На широком проспекте Сталеваров в этот субботний вечер было многолюдно, празднично. Матовые шары, положенные на чугунные столбы-подставки, помогали луне освещать город. Из поднебесья неторопливо сыпались мельчайшие снежные кристаллики. Подставишь ладонь — не видно, посмотришь в небо — они в лучах фонарей, как слюдяная пыль, вспыхивают и тут же угасают.
До дежурного магазина оставалось еще два квартала. Нилыч поскрипывал валенками, с наслаждением дышал звонким морозцем и опять думал про Юрку, чем-то очень похожего на сына.
На ходу достал портсигар и спички, повернулся лицом к фонарю, вставил сигарету в широкий, плоский мундштук, что прошлым летом выстрогал на рыбалке из березового корня, прикурил, с жадностью затянулся и закашлялся.
«Тьфу, опять забыл.
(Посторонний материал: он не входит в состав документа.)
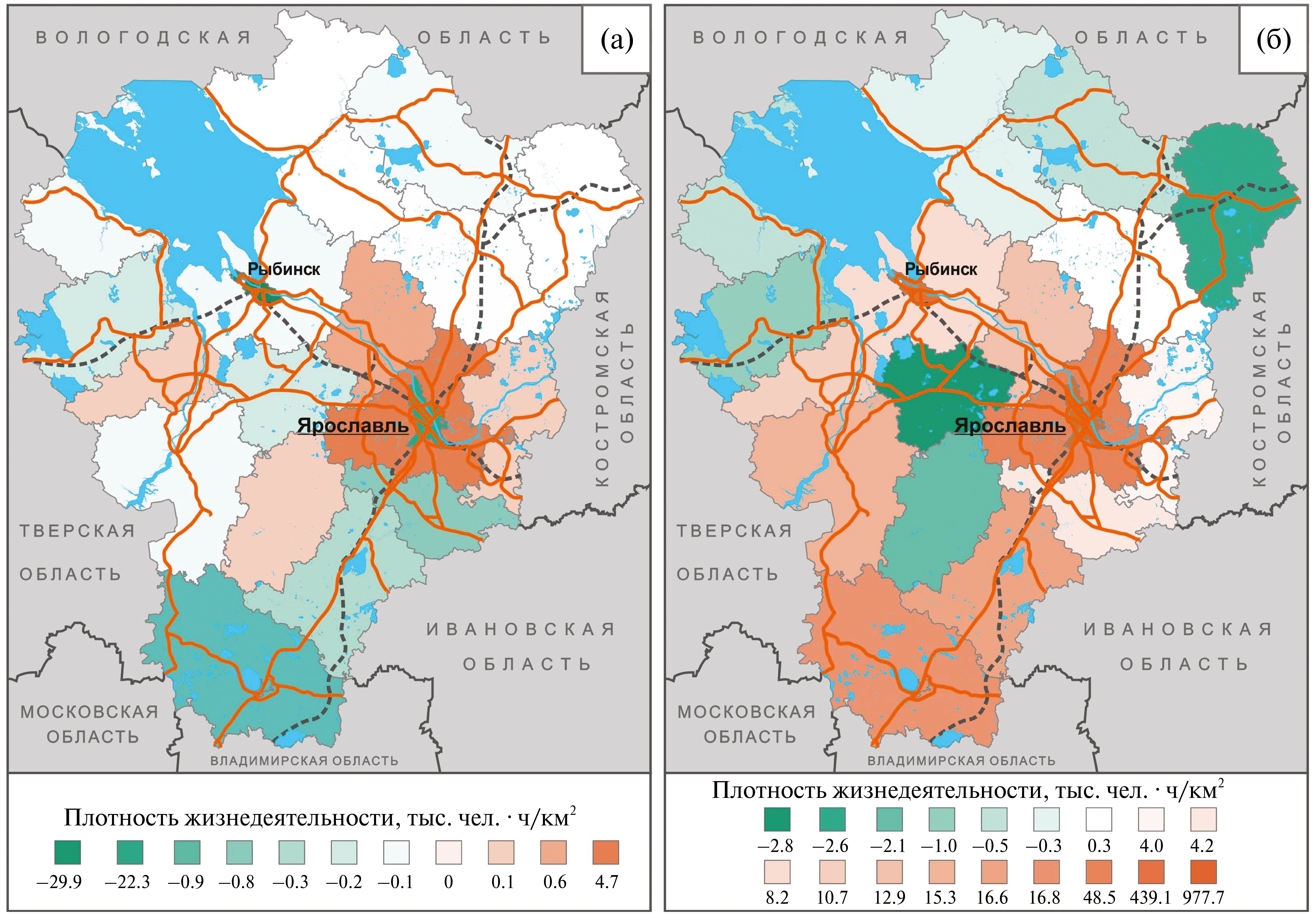 В Ярославской агломерации, как зоне основной социально-экономической активности, высокая плотность жизнедеятельности возникает в результате комбинации различных масштабных миграционных потоков. В качестве иллюстрации можно привести пример пригородного Ярославского района. Выгодное географическое положение и привлекательные условия для приобретения и аренды жилья сказываются на значениях сальдо всех переселенческих миграций (рис. 1а). Территория района характеризуется положительным миграционным балансом, что, вероятно, связано как с притоком новых жителей из региональной столицы (субурбанизации) и других районов области, так и с притоком межрегиональных и международных мигрантов. Кроме того, плотность жизнедеятельности повышается (рис. 1б) благодаря трудовой маятниковой миграции на крупные промышленные и сельскохозяйственные предприятия, туристическим потокам и дачной мобильности.

Вот ведь память-то какая. Хлебнул дымку — и будь здоров…».
У Нилыча последнее время сердце побаливало. Врач сказал: «Бросьте курить». — «Не смогу, привык». — «Тогда хоть дым в себя не вдыхайте». И вот Нилыч по-прежнему носил с собой сигареты, по-прежнему частенько закуривал, но только не затягивался, а просто «фукал» дымом. А иногда забывался.
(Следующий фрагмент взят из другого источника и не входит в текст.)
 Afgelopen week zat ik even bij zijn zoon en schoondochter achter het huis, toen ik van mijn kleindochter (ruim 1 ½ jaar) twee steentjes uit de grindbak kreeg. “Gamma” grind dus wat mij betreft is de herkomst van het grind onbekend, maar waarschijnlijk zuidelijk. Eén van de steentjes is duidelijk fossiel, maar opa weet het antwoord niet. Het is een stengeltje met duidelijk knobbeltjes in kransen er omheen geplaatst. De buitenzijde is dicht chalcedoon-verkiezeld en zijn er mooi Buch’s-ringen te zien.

Вот и сейчас глотнул. Бросил сигарету в снег и ускорил шаг. Шел сквозь шум и гомон ребятни. В скверах, что тянулись по середине проспекта, были устроены ледяные поля, горки, карусели… Одну улицу, выходящую на проспект, совсем перегородили и залили — сплошной лед. Конькобежцев на ней — видимо-невидимо.
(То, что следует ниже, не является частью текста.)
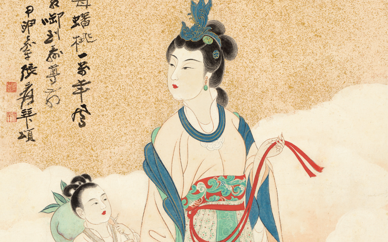 題識:1.蓬萊弱水(shuǐ)三千裏,金母蟠桃一萬年。鳳鳥自歌(gē)鸾自舞,直教啣到壽尊前。蕭母林太夫人(rén)六十大(dà)慶。甲申嘉平,張爰拜頌。

Сколько заливистого смеха, беззаботной шаловливости, ухарства! Нилыч посматривал на детей, улыбался и вспоминал свое детство.
«Никелем поблескивают, сталью, а мы… Деревянную колодку вытешешь, железкой подкуешь и — пошел. Санок не было — намораживали лед на доску и катались. Сами изобретали… Теперь уж не то… Дожил-таки, дожил!.. А будет ведь еще и не такое. Пожить бы тебе, старый, еще пару семилеток, посмотреть бы своими глазами на коммунизм. Хоть одним глазком!..»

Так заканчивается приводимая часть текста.